Viviamo in un’epoca in cui i social media ci chiedono di fare tutto in fretta. Leggere poco, condividere tutto, fare subito il tifo, in guerra come allo stadio, senza prendersi il tempo per capire e interrogare il proprio cuore. I social ci vogliono far credere che dentro di noi non ci sia spazio per una moltitudine di sentimenti, che uno scaccia l’altro.

In realtà i sentimenti si incastrano come tessere di un puzzle e c’è spazio per tutto. C’è spazio per il dolore che si prova nei confronti delle prime vittime israeliane e per i civili palestinesi. C’è spazio per la condanna alle azioni del governo israeliano ma anche alle scritte contro gli ebrei che sono comparse sui muri delle grandi città europee. Ma in questo clima confuso è facile che l’odio si faccia strada, in genere un passo dietro a sua sorella, la paura.

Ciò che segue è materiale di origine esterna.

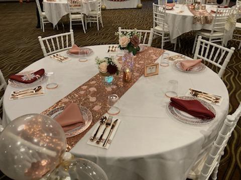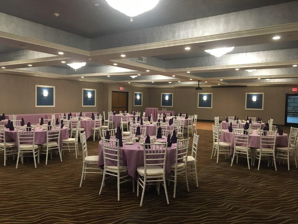 This space features beautiful chandelier light fixtures throughout. It is carpeted but with plenty of room to get a rented wooden dance floor. We have a projector and sound system available for use and your DJ/entertainment systems can set-up anywhere there are outlets. This is a must-see venue, the space speaks for itself.

Poco fa ho letto una poesia tristissima dello scrittore palestinese Samer Abu Hawwash, che dice più o meno così: “Non importa più / se qualcuno ci ama. / Le bombe ci hanno liberato dalle nostre orecchie, / con le quali solevamo ascoltare parole d’amore. / I missili ci hanno liberato dai nostri occhi, / coi quali solevamo vedere sguardi amorosi. / Le parole cariche d’odio ci hanno liberato dai nostri cuori, / nei quali solevamo custodire gli incanti dell’amore”.

Noi che non abbiamo bombe, che non abbiamo missili, che ci sentiamo così impotenti di fronte a tanto dolore, disarmiamo almeno le nostre parole, ché gli incanti dell’amore e i cuori che li custodiscono meritano di stare al sicuro, almeno loro.